» Directions
Although the entries contain pictures, copy only their text, exactly as written.

» Dataset items
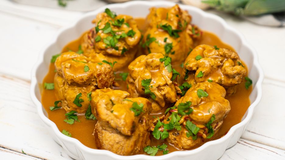 Sakiewki schabowe z farszem pieczarkowym w sosie własnym. Pomysł na obiad z wieprzowiny
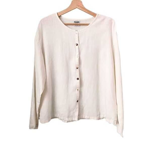 Vintage California Threads 100% Linen Made in USA Long Sleeve Blouse in Large
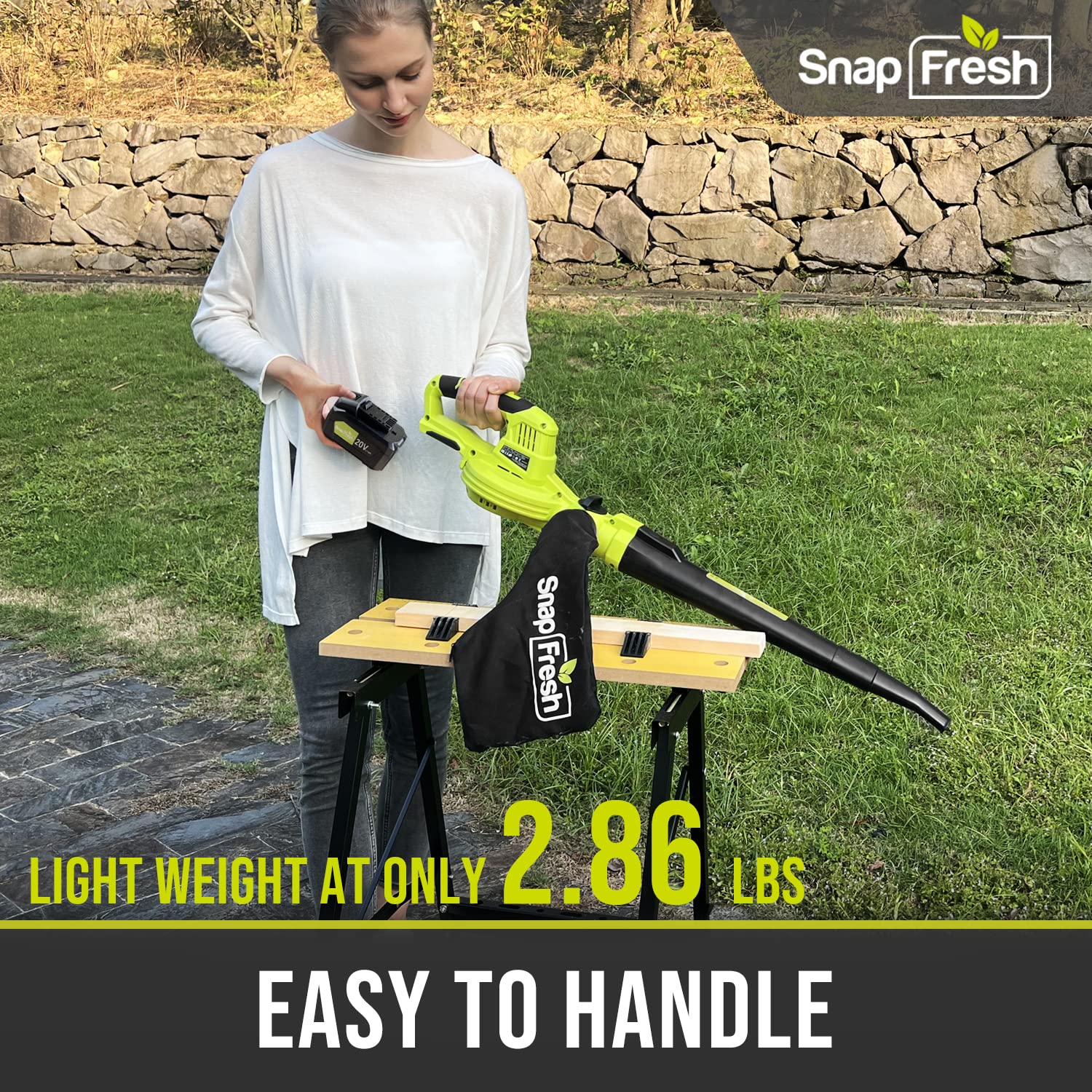 Cordless Blower & Vacuum - SnapFresh 2 in 1 Electric Blower with 4.0Ah Lithium Battery & 2h Fast Charger, 20V Handheld Vacuum Sweeper with Bag for Small Trash, Car, Dust, Pet Hair, Corner Cleaning
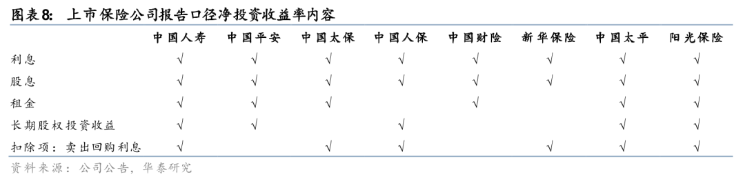 上市公司的投资收益指标计算各不相同,比如净投资收益,有的公司包括了长期股权投资收益,有的则不包括。我们对投资收益率的计算做了统一调整,尽可能使得各家公司的数据可比。我们所作的调整包括:
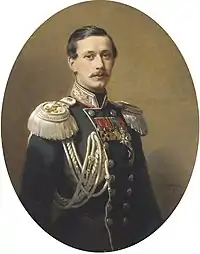 Contrajo matrimonio en primeras nupcias en San Petersburgo el 25 de julio de 1855 con la Princesa Olga Esperovna Beloselskaya-Belozerskaya (17 de febrero de 1838 - 9 de diciembre de 1869), hija del Príncipe Esper Alexandrovich Beloselsky-Belozersky (San Petersburgo, 27 de diciembre de 1802 - San Petersburgo, 15 de junio de 1846) y de su esposa Yelena Pavlovna Bibikova (septiembre de 1812 - 15 de febrero de 1888), y tuvo descendencia.
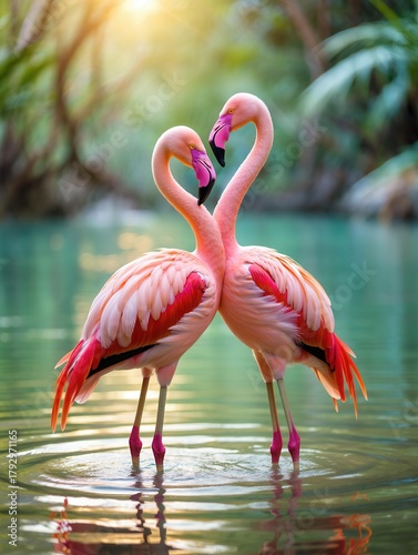 Fototapeta premium A pair of pink flamingos stand gracefully in calm water, surrounded by lush greenery, symbolizing love and harmony in nature.

» Response to the task
 Sakiewki schabowe z farszem pieczarkowym w sosie własnym. Pomysł na obiad z wieprzowiny
 Vintage California Threads 100% Linen Made in USA Long Sleeve Blouse in Large
 Cordless Blower & Vacuum - SnapFresh 2 in 1 Electric Blower with 4.0Ah Lithium Battery & 2h Fast Charger, 20V Handheld Vacuum Sweeper with Bag for Small Trash, Car, Dust, Pet Hair, Corner Cleaning
 上市公司的投资收益指标计算各不相同,比如净投资收益,有的公司包括了长期股权投资收益,有的则不包括。我们对投资收益率的计算做了统一调整,尽可能使得各家公司的数据可比。我们所作的调整包括:
 Contrajo matrimonio en primeras nupcias en San Petersburgo el 25 de julio de 1855 con la Princesa Olga Esperovna Beloselskaya-Belozerskaya (17 de febrero de 1838 - 9 de diciembre de 1869), hija del Príncipe Esper Alexandrovich Beloselsky-Belozersky (San Petersburgo, 27 de diciembre de 1802 - San Petersburgo, 15 de junio de 1846) y de su esposa Yelena Pavlovna Bibikova (septiembre de 1812 - 15 de febrero de 1888), y tuvo descendencia.
 Fototapeta premium A pair of pink flamingos stand gracefully in calm water, surrounded by lush greenery, symbolizing love and harmony in nature.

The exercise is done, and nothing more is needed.